_RECORD EXCERPTS_.
== Segment start ==
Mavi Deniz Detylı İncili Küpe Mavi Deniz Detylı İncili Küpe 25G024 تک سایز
== Segment end ==
== Segment start ==
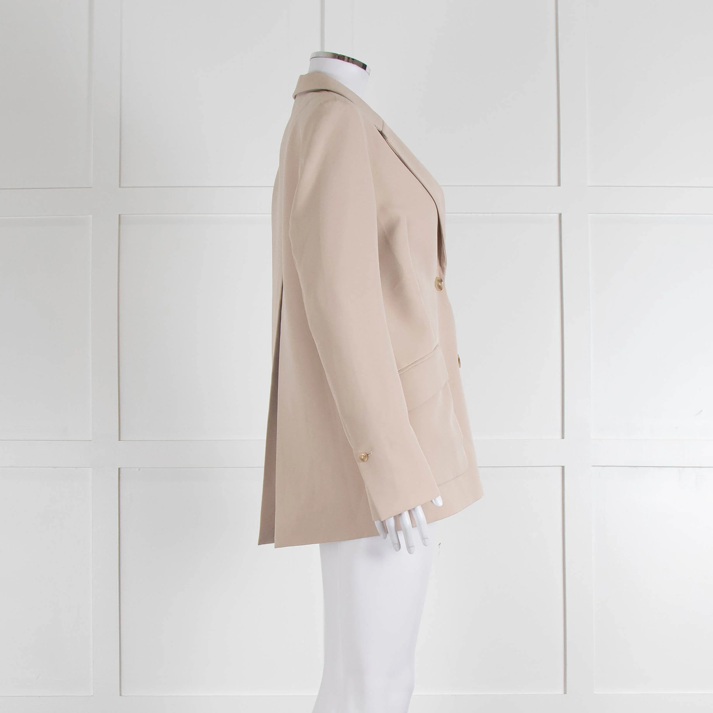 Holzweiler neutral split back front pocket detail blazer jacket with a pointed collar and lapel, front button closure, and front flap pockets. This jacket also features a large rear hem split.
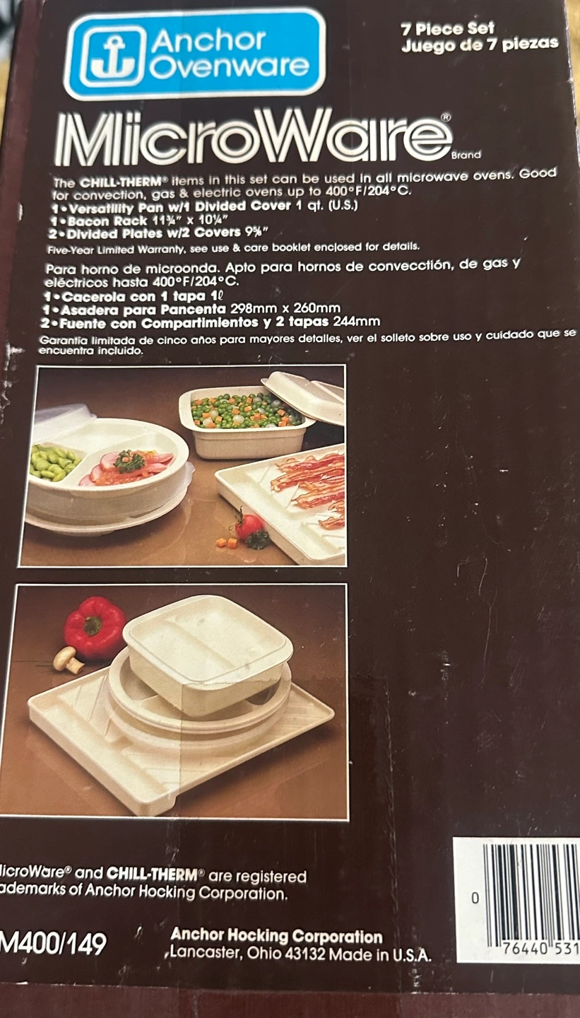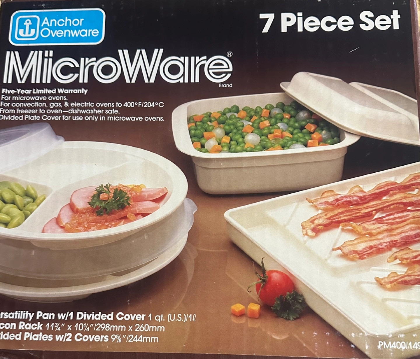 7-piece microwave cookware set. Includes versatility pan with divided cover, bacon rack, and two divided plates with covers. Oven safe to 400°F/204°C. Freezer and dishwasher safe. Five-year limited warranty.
== Segment end ==
Exact copy, pictures excluded: from the line with "Holzweiler neutral split" up to and including the line with "7-piece microwave cookware" in the data above.

_OUTPUT OF THE TASK_.
 Holzweiler neutral split back front pocket detail blazer jacket with a pointed collar and lapel, front button closure, and front flap pockets. This jacket also features a large rear hem split.
 7-piece microwave cookware set. Includes versatility pan with divided cover, bacon rack, and two divided plates with covers. Oven safe to 400°F/204°C. Freezer and dishwasher safe. Five-year limited warranty.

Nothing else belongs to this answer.